Por Carolina Arenes
Cuando éramos chicos, nos entreteníamos a veces en el recuento de la mezcla de sangres que fluía en nuestra argentinidad. Buen reflejo de la cartografía del país y del enclave cultural que nos había tocado, en nuestras listas predominaban abuelos italianos y españoles, pocos argentinos, de vez en cuando algún francés, menos todavía ingleses, irlandeses o alemanes; cada tanto, había alguna historia de los pogromos del Este o de los campos de la muerte. Entre los bisabuelos contábamos algún que otro criollo, aunque no dejaba de ser una rareza. Y no recuerdo ni uno solo que hubiera reportado al menos una gota de pueblo originario. Estábamos en Buenos Aires y parecía una obviedad que éramos el país blanco de América latina.
La hipercitada frase de Borges -«Los argentinos somos europeos en el exilio», seguramente hija de la de Alberdi: «Somos europeos trasplantados en América»- era ley en mi entorno. El prestigio de lo europeo por sobre las diversas formas de lo argentino o de lo americano era puro sentido común en la rama francesa de mi familia, aunque nunca me quedó tan claro como cuando, mucho después, lo vi sintetizado en el «Don’t be native» con que la dama inglesa, madre de un compañero de la facultad, reconvenía a su hijo. En esas épocas, la escuela no hacía más que reforzar el equívoco. La Argentina era un país blanco y europeo. Los indios habían sido eliminados de la historia oficial, como los negros, y los textos escolares de los años 70 todavía consagraban esa operación simbólica. Ni rastros por entonces de una perspectiva a contramano como la del credo jujeño de Héctor Tizón: «Yo miro el país desde el punto de vista de los que han sido derrotados y escribo del país que fue vencido y olvidado después de la organización nacional».
Pero la memoria también se construye con olvidos y ya puede ser tiempo de ir desmontando algunos. El recuerdo idealizado que circula hoy sobre los abuelos que llegaron en los barcos y nos legaron sus cocoliches y sus nostalgias silencia los desprecios y las persecuciones (la Argentina del siglo XIX, para crecer, necesitó trabajadores y convocó a los inmigrantes; la del XX buscó disciplinarlos), silencia que fueron «la plebe ultramarina» de la que habló Lugones, silencia el miedo ante ese aluvión inmigratorio que amenazaba con desbaratar el ser nacional.

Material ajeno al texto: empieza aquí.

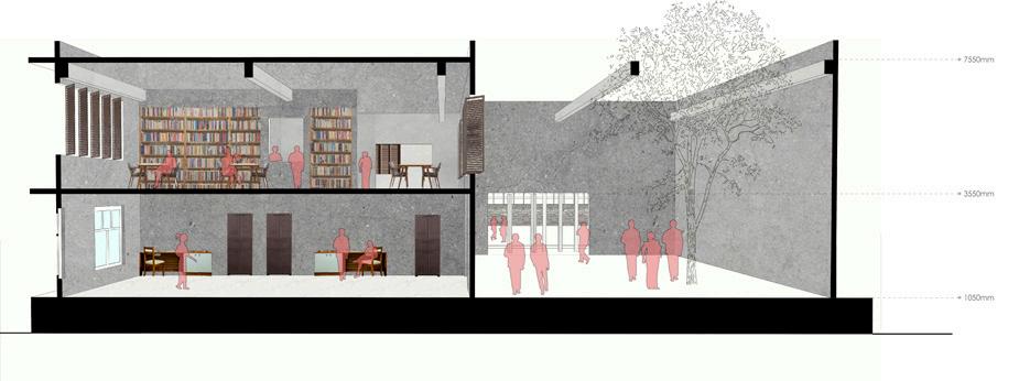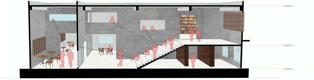 The existing spaces divided the lobby and exhibition making it two different spaces altogether. By breaking the rigidity of these two spaces, the circulation became more fluid.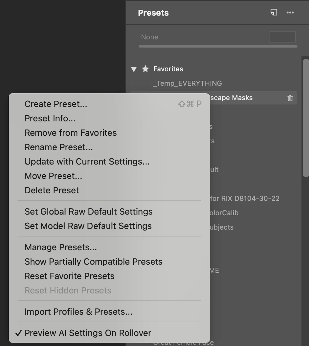"These two commands are shortcuts for associating the clicked preset with raw defaults.  The first command (global) is for all cameras.  The second one (model) is for the current specific camera model."

Es cierto que con su éxito integrador la escuela pública nos devolvió la ilusión de una sociedad homogénea, el famoso crisol. Pero también allí operaron olvidos, lo que en nuestro imaginario de país siempre quedó fuera del crisol: no sólo la población originaria, sino también la inmigración de países limítrofes. Esa que ahora parece estar bajo sospecha.
No importa que las estadísticas oficiales desmientan vínculos entre inmigración y delincuencia. O que muestren que es infundada la percepción de que estamos invadidos por inmigrantes. Las palabras ligeras de los políticos en campaña llegan a la mesa familiar mucho más rápido que los informes especializados.
Es fácil ver la desmesura cuando Trump dice que los mexicanos son delincuentes, violadores y bad hombres. O cuando decide avanzar con el muro. Pero habrá que tener cuidado con las formas menos obscenas e igualmente estigmatizantes del discurso político. El oportunismo de los tiempos electorales suele sembrar de falsos debates el camino y sería bueno no caer en su trampa.